When studying functions and their graphs, it's important to understand the concepts of rigid and nonrigid transformations. These transformations alter the appearance of a graph in various ways.

Rigid transformations include translations, which shift the entire graph of a function to a different position without changing its shape or orientation, and rotations around a point.

On the other hand, nonrigid transformations include stretches and compressions, which actually change the shape of the graph. Vertical stretching, like in the exercise with the function \(f(x)=x^{3}\), is a type of nonrigid transformation that multiplies all the y-coordinates of the original graph by a certain factor. This changes the graph's steepness or rate of increase (or decrease).

Understanding these types of transformations is crucial for interpreting changes in the behavior of the graphs of functions and making accurate predictions based on those graphs.

A graphing utility is an essential tool for students and mathematicians alike to visualize functions and their transformations. These utilities can be software programs, online platforms, or even features included in advanced calculators.

With a graphing utility, one can easily enter a function, such as \(f(x)=x^{3}\), and apply transformations to see their effects. For example, when using a graphing utility to verify vertical stretching, you will immediately notice the changes in the graph's appearance after the transformation.

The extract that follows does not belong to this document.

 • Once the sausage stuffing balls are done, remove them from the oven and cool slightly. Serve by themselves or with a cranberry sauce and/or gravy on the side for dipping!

Benefits of Using a Graphing Utility

• Immediate visualization of complex functions.
• Ability to compare the original function with its transformed counterpart.
• Confirmation of algebraic manipulations through visual representation.
• Helpful in understanding the concept of continuity and limits.

The graphing utility proves to be an indispensable resource for students to experiment with functions and solidify their understanding of mathematical concepts.

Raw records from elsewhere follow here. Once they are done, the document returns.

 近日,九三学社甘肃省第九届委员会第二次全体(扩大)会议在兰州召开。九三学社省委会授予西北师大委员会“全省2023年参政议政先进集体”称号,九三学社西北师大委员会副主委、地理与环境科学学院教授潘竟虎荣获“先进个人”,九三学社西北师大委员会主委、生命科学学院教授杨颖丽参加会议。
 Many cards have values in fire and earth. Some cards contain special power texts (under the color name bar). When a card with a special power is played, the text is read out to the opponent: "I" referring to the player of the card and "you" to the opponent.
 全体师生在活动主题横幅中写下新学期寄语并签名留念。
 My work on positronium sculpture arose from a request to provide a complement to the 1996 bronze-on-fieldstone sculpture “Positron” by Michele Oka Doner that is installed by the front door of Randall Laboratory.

Cubic functions are a category of polynomial functions represented by the general form \(f(x)=ax^{3}+bx^{2}+cx+d\), where \(a, b, c\), and \(d\) are constants, and \(a \eq 0\). The simplest cubic function is \(f(x)=x^{3}\), which serves as the parent function for all cubic functions.

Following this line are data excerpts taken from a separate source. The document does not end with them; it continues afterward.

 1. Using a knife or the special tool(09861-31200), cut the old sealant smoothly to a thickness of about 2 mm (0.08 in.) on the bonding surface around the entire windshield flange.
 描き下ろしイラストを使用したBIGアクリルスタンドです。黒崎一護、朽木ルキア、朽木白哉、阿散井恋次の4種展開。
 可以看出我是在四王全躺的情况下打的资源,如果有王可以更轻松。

Cubic functions are known for their distinctive 'S' shaped curve, called a 'cubic curve.' Their graphs can provide invaluable insights into critical points, inflections, and end behavior. Understanding cubic functions is vital in calculus, physics, engineering, and economics because these functions often model natural phenomena and various types of growth.

Characteristics of Cubic Functions

• They have one or three real roots.
• There is always one point of inflection.
• The end behavior: as \(x\) approaches infinity, \(f(x)\) approaches infinity if \(a>0\) and negative infinity if \(a<0\).

Getting familiar with cubic functions and their transformations enables students to tackle a wide range of problems and build a strong foundation for advanced mathematical concepts.